[PROBLEM STATEMENT]
Return the data word for word. Pictures are to be omitted.
============
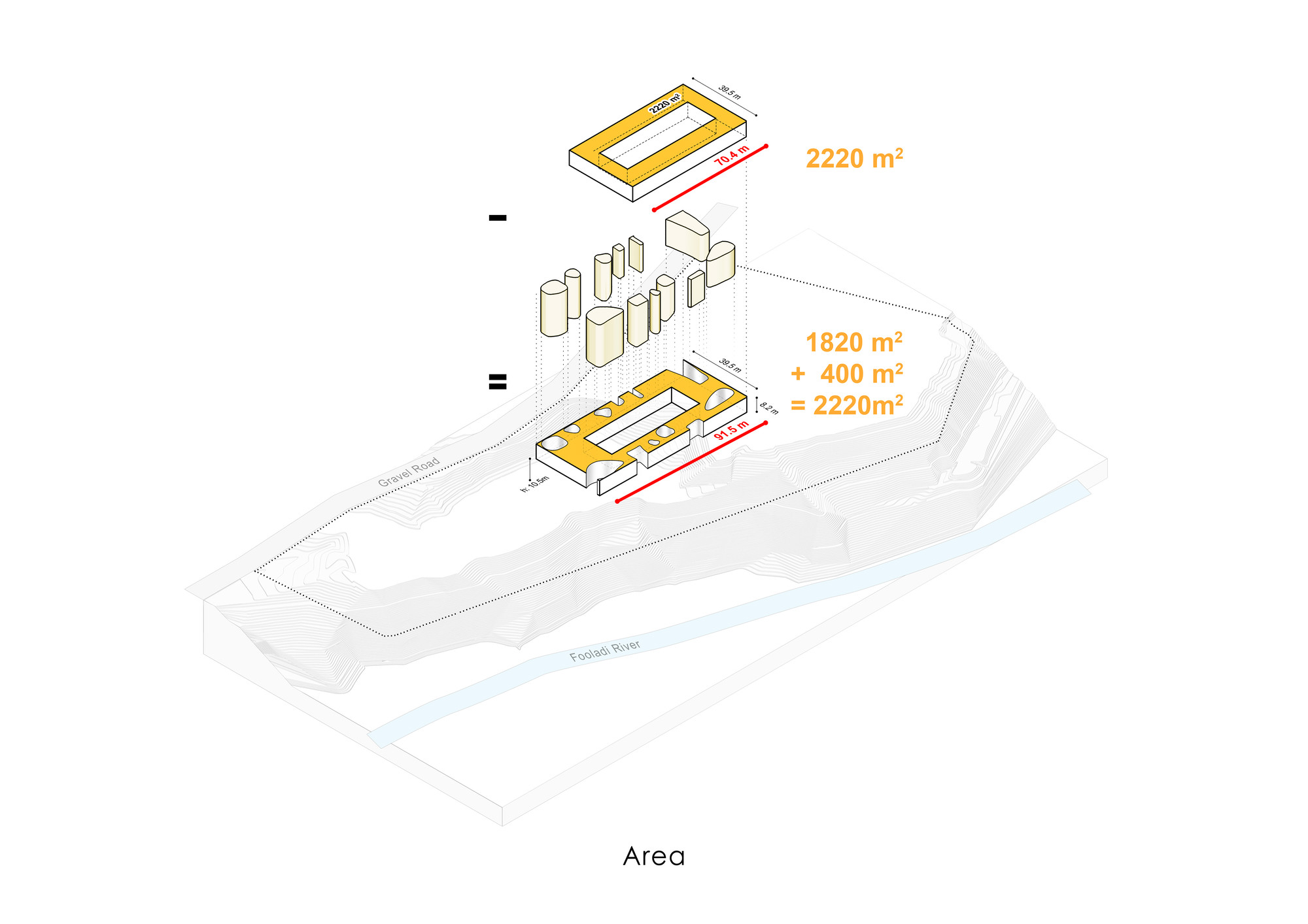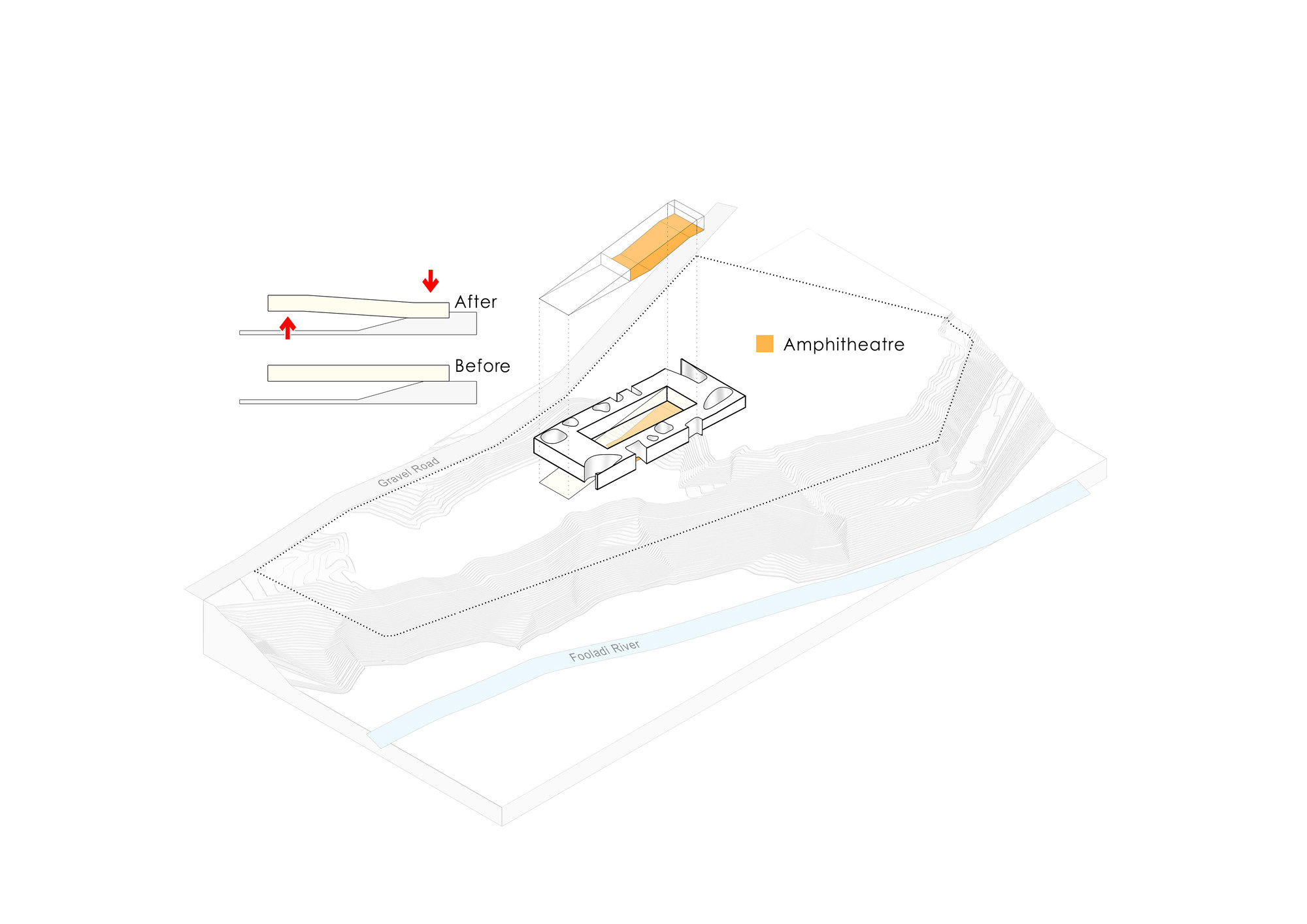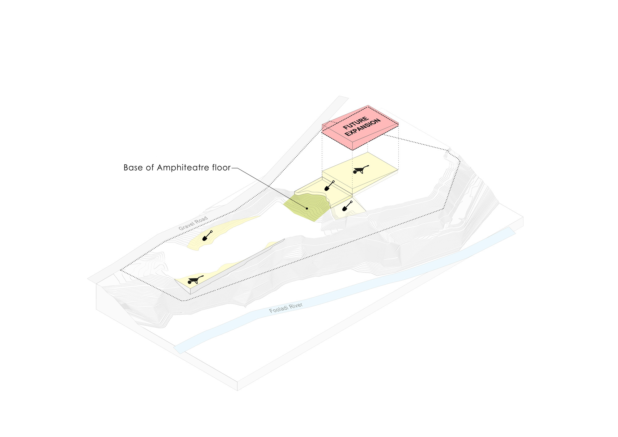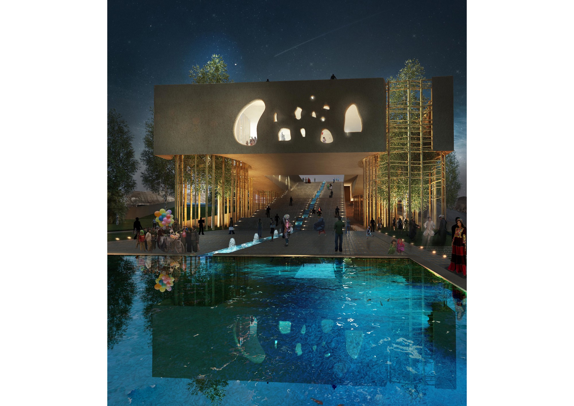 The aim of this project was to create a cultural-environmental platform to connect and unify people with the garden and the valley. In an attempt to bring hope to the people of Afghanistan, the main objective of this design was to create a Garden with a positive impact on the cultural context of the Bamiyan Valley. Project goals: 1. To respect the domestic cultural values and to introduce them at an international level 2. To respect the ecology of the Bamiyan Valley 3. To use local construction materials, technology and labour 4. To shape the design idea according to the functional and social requirements, considering local methods and climatic conditions 5. To promote cultural values and increase motivation and hope for Afghan people by creating a city garden Concept Idea Inspired by the form of the Babur Garden in Kabul, the project was formed along a linear diagram expanding from South-West to North-East (reminding of the ancient Silk Road), parallel to the Buddha Cliffs. This axis was integrated with a water path to form the interior and the exterior parts of the project. An introverted courtyard model was used to form the main building and to connect it to the ground. The amphitheatre at the centre of the complex rested on the existing topography to minimize the amount of required excavation. The roof of this section creates a platform for the outdoor amphitheatre. Another criterion was to integrate the building with the site. Inspired by the carvings of the Buddha Cliffs, the negative and positive spaces of this project were formed to: • Integrate the building with the green spaces • Create event spaces which organize interior and exterior spaces at the same time • Provide natural ventilation and lighting • Form the building structure The structural columns were designed to be flexible against earthquakes. These columns also play an important role in the formation of varying light and shadow patterns during the day. At night, this effect is reversed by the solid baked mud walls and the porous wooden frames. Functional Idea Interior spaces: There are 5 main zones creating the interior spaces of the project. These zones are connected through a central circulation path, providing a low cost barrier free access to the entire interior spaces of the project. One zone includes the lobby, the coffee room, and the office spaces, while another one contains the gallery spaces. This zone also acts as the divider of the two adjacent spaces. The third zone created the teaching spaces and the conference room, while the fourth zone included the research spaces, the studios, as well as the practice room. Last but not least, zone five forms the central amphitheatre with a main entrance, a barrier free access on the ground level, as well as an emergency exit at the below ground level. Site: The circulation diagram was established based on the garden axis, defining social activities in three sections: 1. The platform on the roof of the main building, providing 360o panoramic view of the site and the Bamiyan Valley. 2. The staircase on the roof of the interior amphitheatre creating an outdoor amphitheatre on top. This platform is also used as the vertical circulation path connecting the ground level to the underground. 3. The exterior gallery spaces enabling outdoor exhibitions and activities. Materials and Construction Techniques The structure of the building includes a combination of mud walls and double layers of woven wood bars to reduce heat convection to the exterior. These layers rest on top of a network of imported timbers connected to a core composed of local lumber and imported timbers which transfer the loads to the brick foundation of the building. An area on site was dedicated to the implementation of solar panels in order to provide the required electricity. Moreover, a row of high density local trees were planted on the main axis to reduce the amount of wind exposure. In conclusion, the idea of this project was to combine sustainable architecture with vernacular techniques considering the existing economical and climatic limitation.
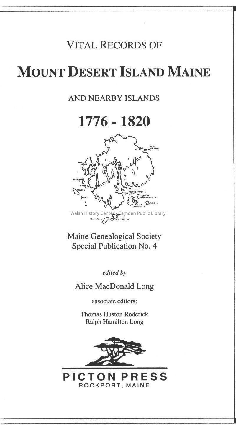 Vital Records of Mount Desert Island Maine 1776-1820Entry/Object ID
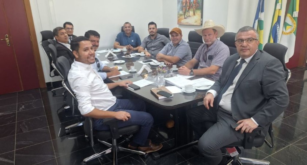 #PraTodosVerem – A imagem mostra o desembargador Marcos Henrique Machado ao lado dos prefeitos de Tabaporã, Novo Horizonte do Norte e Porto dos Gaúchos, além de assessores, reunidos em torno de uma mesa de reuniões. Eles estão sentados em cadeiras executivas, com documentos, celulares e xícaras de café sobre a mesa. O ambiente é formal, com bandeiras ao fundo e um quadro decorativo na parede, indicando que se trata de uma reunião institucional.
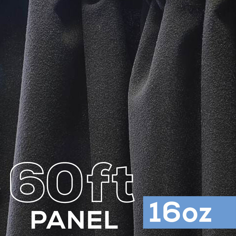 16oz. Fire Retardant Duvetyne/Commando Cloth - Sewn Drape Panel w/ 4" Rod Pockets - 60ft in Black[LIB-60-DUVE-16OZ-BLK]
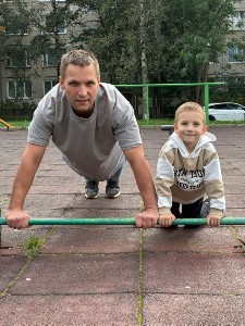 Моего папу зовут Иван. Это фото сделано на спорт площадке. Папа мне прививает спортивные навыки . Учит меня отжиматься , подтягиваться. Этим летом папа за два дня научил меня ездить на двух колесном велосипеде. Все свободное от работы время он проводит со мной. Несколько раз брал меня в баню, мне там очень понравилось, особенно ледяная купель. Он для меня самый лучший. Я его сильно люблю .
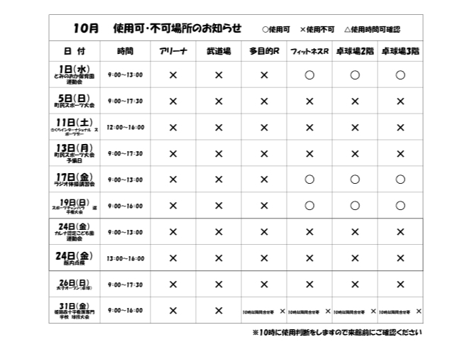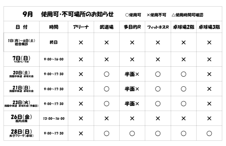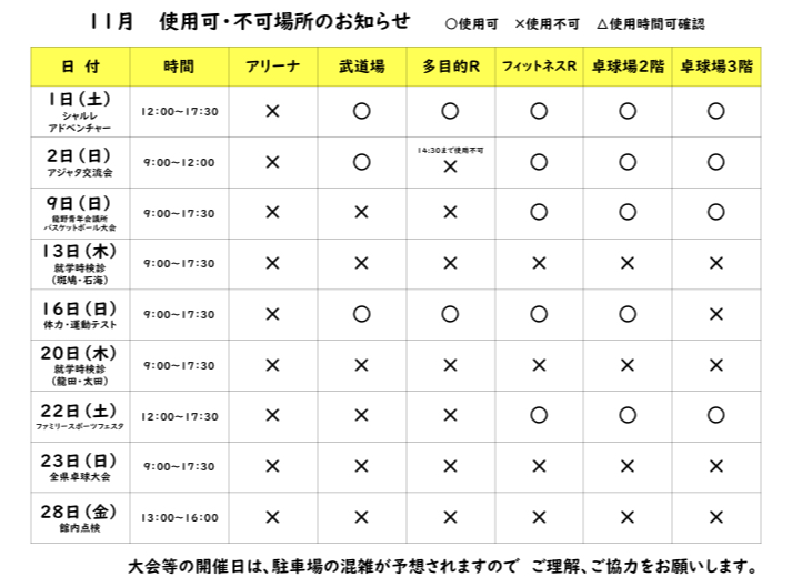 ただし、大会等の行事が早く終了した場合は、使用制限を解除する場合もあります。お気軽に当館までお問い合わせください。
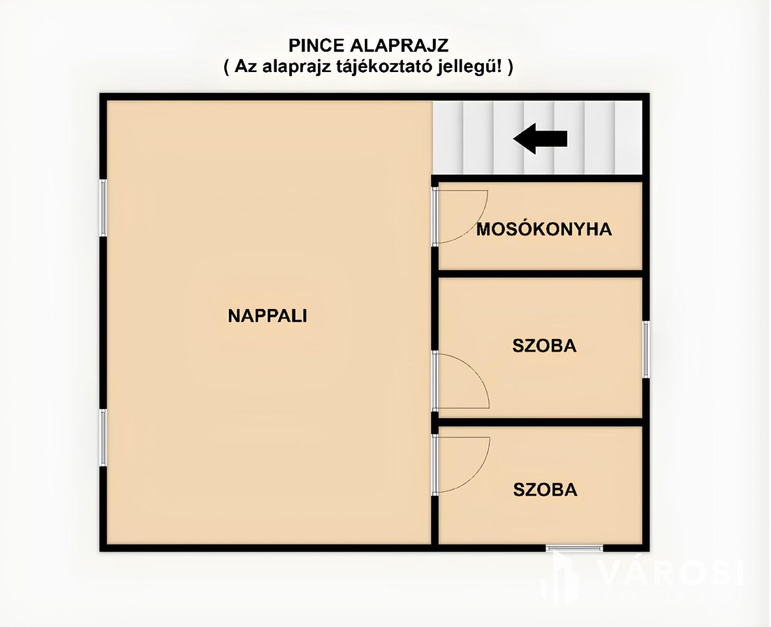 Az épület 2 szintes, a földszinten található 1 előszoba, 1konyha-étkező, 1 fürdőszoba, 2 wc, valamint 2 szoba. A pincerészben található egy hatalmas nappali, valamint 3 szoba, melyből jelenleg 1 mosókonyhának van kialakítva.
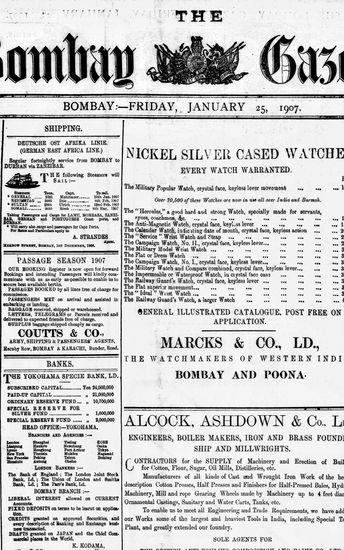 The Bombay Gazette, 25 January 1907
============
[TASK SOLUTION]
 The aim of this project was to create a cultural-environmental platform to connect and unify people with the garden and the valley. In an attempt to bring hope to the people of Afghanistan, the main objective of this design was to create a Garden with a positive impact on the cultural context of the Bamiyan Valley. Project goals: 1. To respect the domestic cultural values and to introduce them at an international level 2. To respect the ecology of the Bamiyan Valley 3. To use local construction materials, technology and labour 4. To shape the design idea according to the functional and social requirements, considering local methods and climatic conditions 5. To promote cultural values and increase motivation and hope for Afghan people by creating a city garden Concept Idea Inspired by the form of the Babur Garden in Kabul, the project was formed along a linear diagram expanding from South-West to North-East (reminding of the ancient Silk Road), parallel to the Buddha Cliffs. This axis was integrated with a water path to form the interior and the exterior parts of the project. An introverted courtyard model was used to form the main building and to connect it to the ground. The amphitheatre at the centre of the complex rested on the existing topography to minimize the amount of required excavation. The roof of this section creates a platform for the outdoor amphitheatre. Another criterion was to integrate the building with the site. Inspired by the carvings of the Buddha Cliffs, the negative and positive spaces of this project were formed to: • Integrate the building with the green spaces • Create event spaces which organize interior and exterior spaces at the same time • Provide natural ventilation and lighting • Form the building structure The structural columns were designed to be flexible against earthquakes. These columns also play an important role in the formation of varying light and shadow patterns during the day. At night, this effect is reversed by the solid baked mud walls and the porous wooden frames. Functional Idea Interior spaces: There are 5 main zones creating the interior spaces of the project. These zones are connected through a central circulation path, providing a low cost barrier free access to the entire interior spaces of the project. One zone includes the lobby, the coffee room, and the office spaces, while another one contains the gallery spaces. This zone also acts as the divider of the two adjacent spaces. The third zone created the teaching spaces and the conference room, while the fourth zone included the research spaces, the studios, as well as the practice room. Last but not least, zone five forms the central amphitheatre with a main entrance, a barrier free access on the ground level, as well as an emergency exit at the below ground level. Site: The circulation diagram was established based on the garden axis, defining social activities in three sections: 1. The platform on the roof of the main building, providing 360o panoramic view of the site and the Bamiyan Valley. 2. The staircase on the roof of the interior amphitheatre creating an outdoor amphitheatre on top. This platform is also used as the vertical circulation path connecting the ground level to the underground. 3. The exterior gallery spaces enabling outdoor exhibitions and activities. Materials and Construction Techniques The structure of the building includes a combination of mud walls and double layers of woven wood bars to reduce heat convection to the exterior. These layers rest on top of a network of imported timbers connected to a core composed of local lumber and imported timbers which transfer the loads to the brick foundation of the building. An area on site was dedicated to the implementation of solar panels in order to provide the required electricity. Moreover, a row of high density local trees were planted on the main axis to reduce the amount of wind exposure. In conclusion, the idea of this project was to combine sustainable architecture with vernacular techniques considering the existing economical and climatic limitation.
 Vital Records of Mount Desert Island Maine 1776-1820Entry/Object ID
 #PraTodosVerem – A imagem mostra o desembargador Marcos Henrique Machado ao lado dos prefeitos de Tabaporã, Novo Horizonte do Norte e Porto dos Gaúchos, além de assessores, reunidos em torno de uma mesa de reuniões. Eles estão sentados em cadeiras executivas, com documentos, celulares e xícaras de café sobre a mesa. O ambiente é formal, com bandeiras ao fundo e um quadro decorativo na parede, indicando que se trata de uma reunião institucional.
 16oz. Fire Retardant Duvetyne/Commando Cloth - Sewn Drape Panel w/ 4" Rod Pockets - 60ft in Black[LIB-60-DUVE-16OZ-BLK]
 Моего папу зовут Иван. Это фото сделано на спорт площадке. Папа мне прививает спортивные навыки . Учит меня отжиматься , подтягиваться. Этим летом папа за два дня научил меня ездить на двух колесном велосипеде. Все свободное от работы время он проводит со мной. Несколько раз брал меня в баню, мне там очень понравилось, особенно ледяная купель. Он для меня самый лучший. Я его сильно люблю .
 ただし、大会等の行事が早く終了した場合は、使用制限を解除する場合もあります。お気軽に当館までお問い合わせください。
 Az épület 2 szintes, a földszinten található 1 előszoba, 1konyha-étkező, 1 fürdőszoba, 2 wc, valamint 2 szoba. A pincerészben található egy hatalmas nappali, valamint 3 szoba, melyből jelenleg 1 mosókonyhának van kialakítva.
 The Bombay Gazette, 25 January 1907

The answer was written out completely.